Dr. Tul said in a telephone interview that his group, the Network of Citizen Volunteers Protecting the Land, will begin protesting at the headquarters of Thailand's National Anti-Corruption Commission on July 12.
He said the campaign also aims to prevent Thailand's populist politicians from using their electoral mandates to put themselves above the law—such as by passing an amnesty law that might enable Mr. Thaksin to return to Thailand a free man and evade imprisonment on a 2008 corruption conviction.
"Even though Puea Thai won a landslide majority in Parliament and probably feels quite powerful at the moment, we'd like to remind them that they can't do everything they want," said Dr. Tul, 45 years old.
However, the activists, known informally as the "multishirts" because anybody can join their rallies—not just anti-Thaksin protesters who have been known in the past for their yellow attire—might not attract the kind of crowds that have shut down large parts of Bangkok in the past, according to analysts.
"With a landslide victory in the election, it will be difficult for smaller players like Dr. Tul to generate a lot of support," said Pavin Chachavalpongpun at the Institutes of Southeast Asian Studies in Singapore.
Still, many in Bangkok's middle classes are alarmed at the prospect of another pro-Thaksin government taking over power, especially as some similar efforts in the past have snowballed into bigger affairs. Social-networking sites such as Facebook have been deluged with anti-Thaksin messages.
Some people are concerned that Ms. Yingluck's populisteconomic policies, which include increasing Thailand's minimum wages and guaranteeing higher prices for farmers, could speed up inflation.
Others are worried about Puea Thai's campaign pledge to bring Mr. Thaksin back from his self-imposed exile in Dubai, though in recent days the party has indicated it may be willing to hold off on trying for now.
The telecommunications billionaire is a deeply divisive figure.
He is adored in many parts of rural Thailand for his cheap health-care and easy-credit policies but reviled among some of Thailand's traditional ruling elites for the way he easily dominated the country's fragile democracy and for his alleged corruption.
Thailand's courts already have shown a willingness to take a stand against Mr.

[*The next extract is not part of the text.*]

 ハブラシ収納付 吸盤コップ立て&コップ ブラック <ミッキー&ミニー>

Thaksin's supporters. The Constitutional Court removed two pro-Thaksin prime ministers in 2008, one for accepting payments to appear on a television cooking shows, and another for buying votes. When the army toppled him, top generals also justified their actions by accusing him of undermining the authority of revered monarch King Bhumibol Adulyadej.
With Mr. Thaksin's influence again looming over the country, analysts say there is potential for a fresh round of protests to emerge eventually—even if they aren't triggered by Dr. Tul's group.

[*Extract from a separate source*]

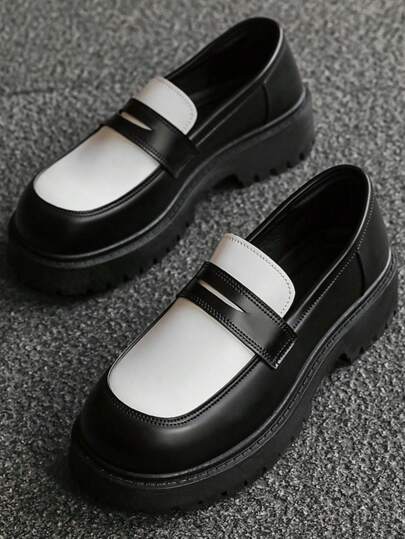 复古圆头厚底男士正装鞋系带增高正装鞋男士派对时尚英伦风格低帮黑白休闲皮鞋 - 黑與白 - 查看 1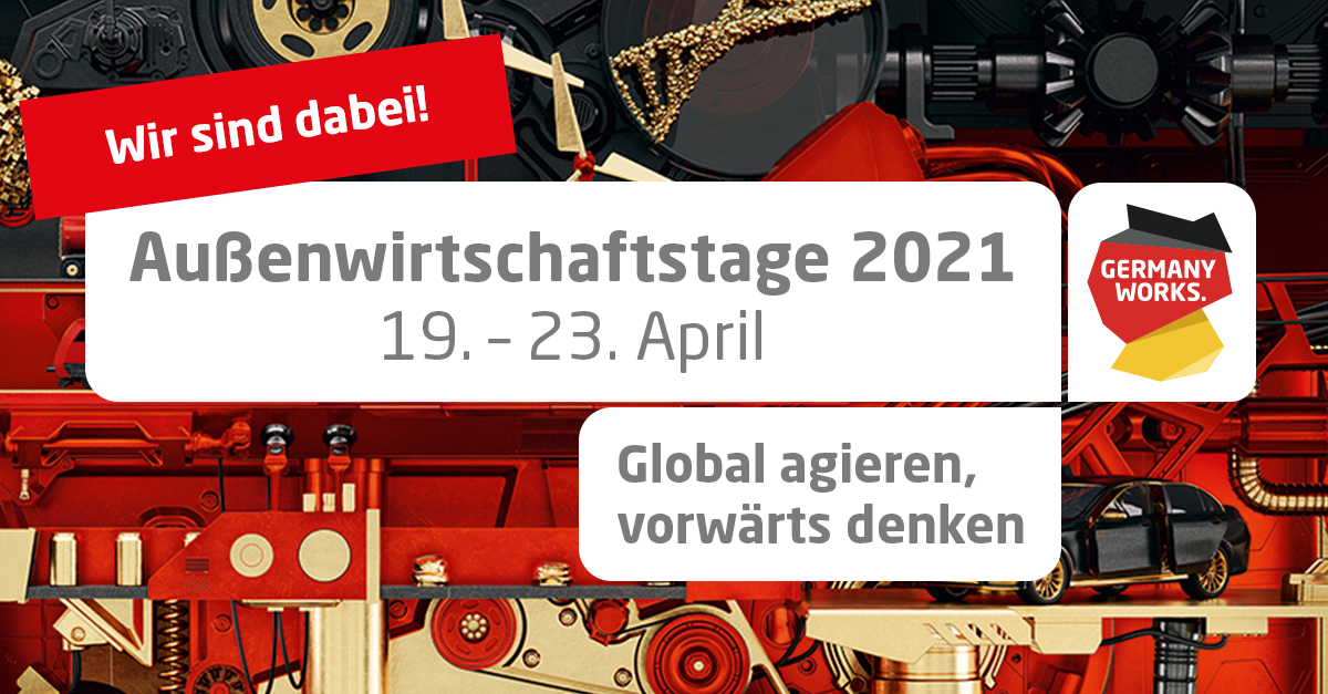 Die genannte Veranstaltung findet als Partnerforum im Rahmen der BMWi Aussenwirtschaftstage 2021 statt. Zugang zu rund 70 spannenden Fachforen erhalten Sie hier.

Mr. Thaksin's critics are still well organized. During the recent elections, some Thaksin opponents launched their own campaign urging people to vote "No" on their ballots and find some other solution to Thailand's problems. A poster campaign portrayed animals such as monkeys, lizards and buffalos dressed up as politicians—a move that angered local animal-rights groups, who said the posters unfairly compared the creatures with Thailand's political leaders.
"The ingredients for another 'shirts' protest are all there," said Paul Chambers, a professor at Payap University in Chiang Mai, northern Thailand.